Kayak WV, I had 2 Leafield D7 valves completely fail on a brand new 2017 Aire raft. On it's inaugural trip last week one failed on the river. After checking tube pressure with a gauge, the valve would not close. Fortunately, the valve cap held air in the tube. The other valve failed when i got home and let some air out of a tube to prevent overheating (it was still on the trailer). Again, the valve will not close. I'm familiar with Leafield valves and how they operate so that's not the issue. 
The valves are being replaced under Aire warranty by Zach at Inflatable Technologies here in Denver metro area. Zach suspects there is a defective batch of Leafield D7 valves that went into 2017 rafts. Apparently Aire has received other calls about the valves, and I'd bet other manufacturers have as well. 
Probably a good idea to call the manufacturer of your raft and ask what they plan to do about the valves. I'll post my results when I learn more.


----------



## RMrafts (Feb 12, 2008)

We have been using the D7 for a couple of years now (2015 was the first year of manufacture) and are, for the most part, happy with them. Some of the valves that were manufactured in 2015 did have some problems with the valve core being hard to rotate and occasionally sticking. Leafield was made aware of the problem and they sent us some repair kits for valves that were sticking. It's an easy repair. The last 2 years seem to have been better but there are obviously still some issues.
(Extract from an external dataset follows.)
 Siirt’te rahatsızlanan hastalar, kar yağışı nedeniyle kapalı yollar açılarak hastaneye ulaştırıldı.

So, sticking valve cores hasn't been a huge problem but there are some out there and Leafield is aware of it. If you have a sticking D7, the raft manufacturer should have a repair kit or a replacement valve for you. If not, Gary at Man of Rubber is the US distributor for Leafield valves and I'm guessing he could help you out also.
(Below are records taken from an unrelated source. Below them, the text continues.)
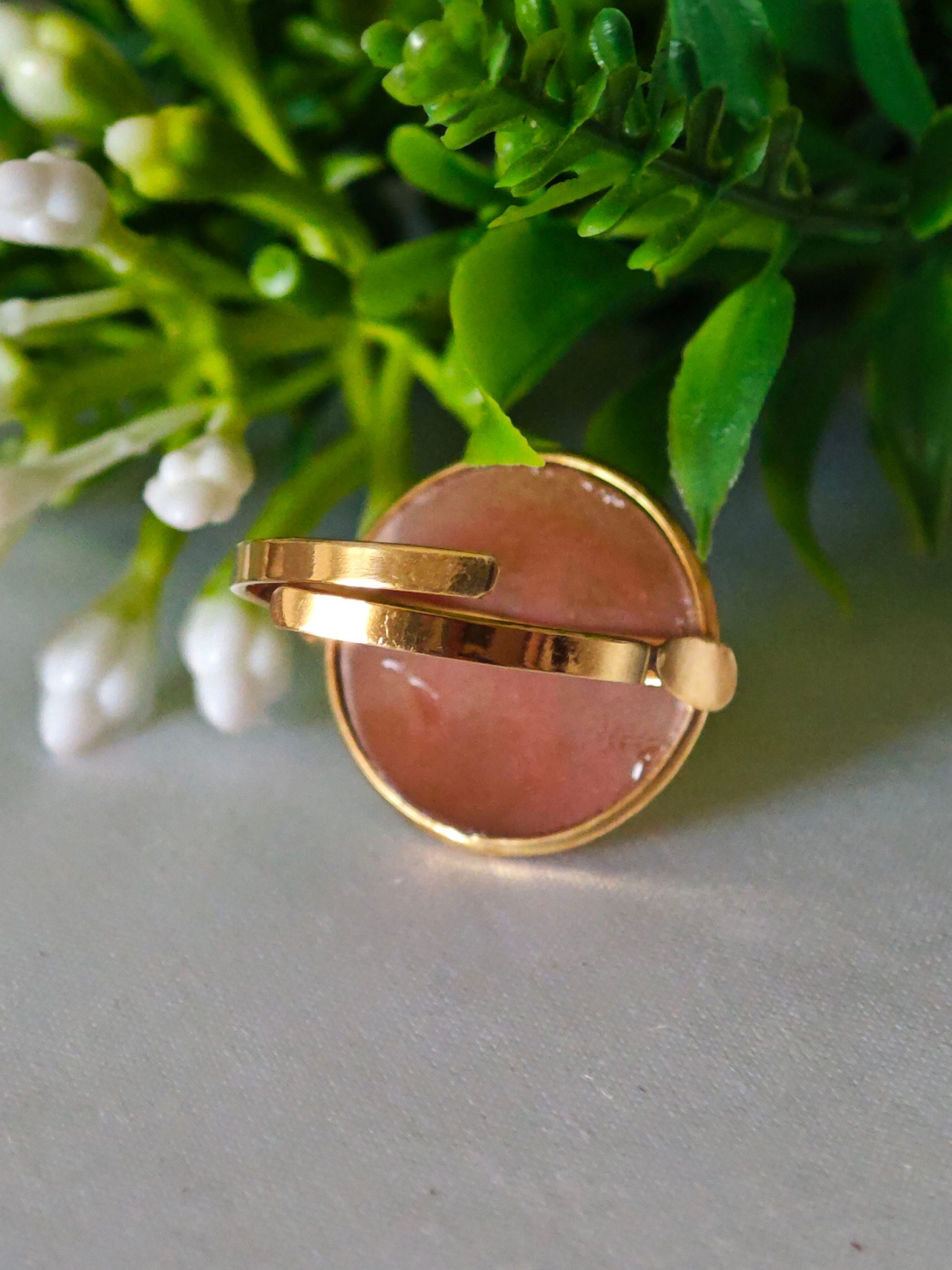 Anello maxi pietre dure pietra quarzo rosa, anello ottone
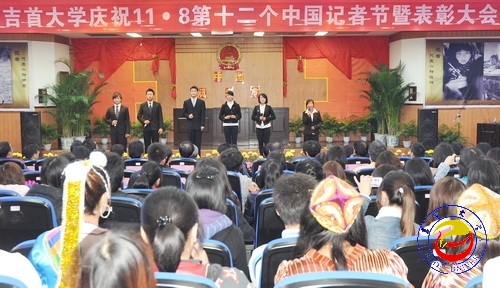 大会在少数民族学生的乐队演奏中拉开帷幕。少数民族学生记者的舞蹈串烧、文学院的诗朗诵《记者在前方》将大会推向高潮,校电视台学生记者带来的《你的工作,我的事》再现了当红栏目《职来职往》的精彩场景,赢得观众的阵阵掌声。大会进行中还播放了张家界学院新闻中心精心准备的VCR。
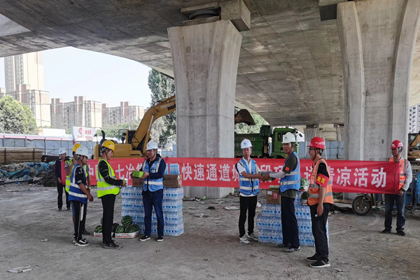 为切实做好一线作业人员户外防暑降温工作,确保项目生产安全稳定,传递公司对广大职工的关心和关爱,6月7日,公司鸭河工区至南阳市中心城区快速通道城区段(非涉铁段)项目部开展“送清凉”活动,为一线施工作业人员送上了防中暑药品、饮用水等物资。
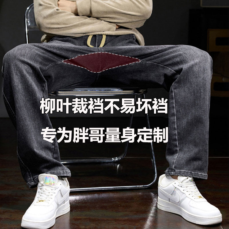 柳叶裆牛仔裤男胖子厚款男款加肥加大宽松显瘦松紧腰直筒微锥长裤
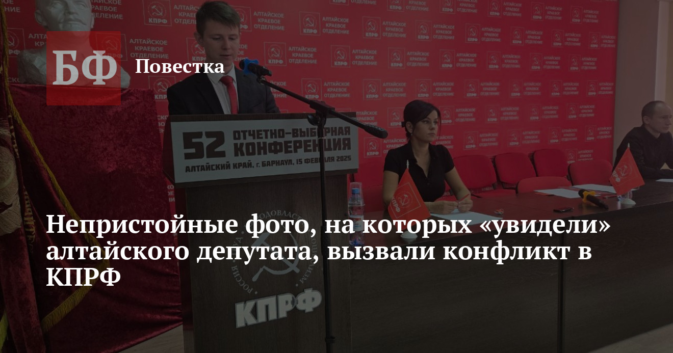 На очередном пленуме барнаульского горкома КПРФ, прошедшем 20 сентября, случился скандал из-за размещенных в Сети фотографий с человеком, похожим на депутата Алтайского Заксобрания, секретаря городского комитета партии Александра Волобуева. Это дало повод околополитическим Telegram-каналам уличить молодого парламентария в непристойном поведении. Судя по словесной перепалке между партийцами, в которой участвовала персек крайкома, депутат Госдумы Мария Прусакова, некоторые коммунисты отреагировали на ситуацию довольно болезненно. О конфликте в стане КПРФ стало известно из видео, которое опубликовала глава алтайского реготделения партии «Коммунисты России» Юлия Гаазе.
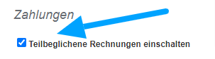 eFakturierung bietet Ihnen die Möglichkeit, Zahlungen zu importieren, die direkt von der Bank exportiert wurden. Stellen Sie sicher, dass das Feld Bankzahlungen aktiviert ist:
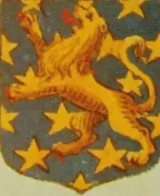 Les armes : "d'azur, semé d'étoiles d'or, au lion de même, armé et lampassé de gueules".

I'll forward this thread to the owner of Leafield so they know there are still a few issues with the D7 valve core sticking. 

We have found Leafield to be an excellent company to work with and I'm sure they will have a response for us. I'll let you know.

Cheers,
Denny


----------



## RMrafts (Feb 12, 2008)

FYI, here is the response from Leafield:

"Yes it does look like a quantity of the Leafield D7 valves got out with slightly oversize seals. We have now completely changed the seal to a smaller more rigid type which happened in January of this year. The problem should only affect a small number of valves. I have attached some pictures etc showing the new configuration. I am more than happy to send out quantities of these new seals to you so that if any problems arise they can be dealt with quickly, they are easy to fit if the customer has a tool which I think is normally supplied with the raft."

So, we should get the repair kits in a week or so. If anyone has an RMR with a sticking D7 valve, let us know and we will get the repair kit out to you.

Cheers,
Denny


----------



## KayakWV (Aug 1, 2017)

Thanks for your comments everyone. Denny, this is on an RMR raft and I have been in contact with Bobby Bower here locally and he is supposed to be getting me a kit to repair the valves. That being said, I hope the kit comes with a wrench, I did not get one with the raft.


----------



## PhilipJFry (Apr 1, 2013)

KayakWV said:


> Thanks for your comments everyone. Denny, this is on an RMR raft and I have been in contact with Bobby Bower here locally and he is supposed to be getting me a kit to repair the valves. That being said, I hope the kit comes with a wrench, I did not get one with the raft.


when you bought your raft was it in the box? There should have been a tube with a repair kit including a wrench in it. (rolled up in the raft in the bag)

or did you buy from a dealer who sold you something off of the floor?


----------



## Roberto (Aug 9, 2011)

*Leafield valves*

Denny, Thanks for the info from Leafield. My Aire 156R was repaired yesterday by Inflatable Technologies, they replaced all 5 valves under warranty. Looks like I'm good to go.
Thanks to all for the info.


----------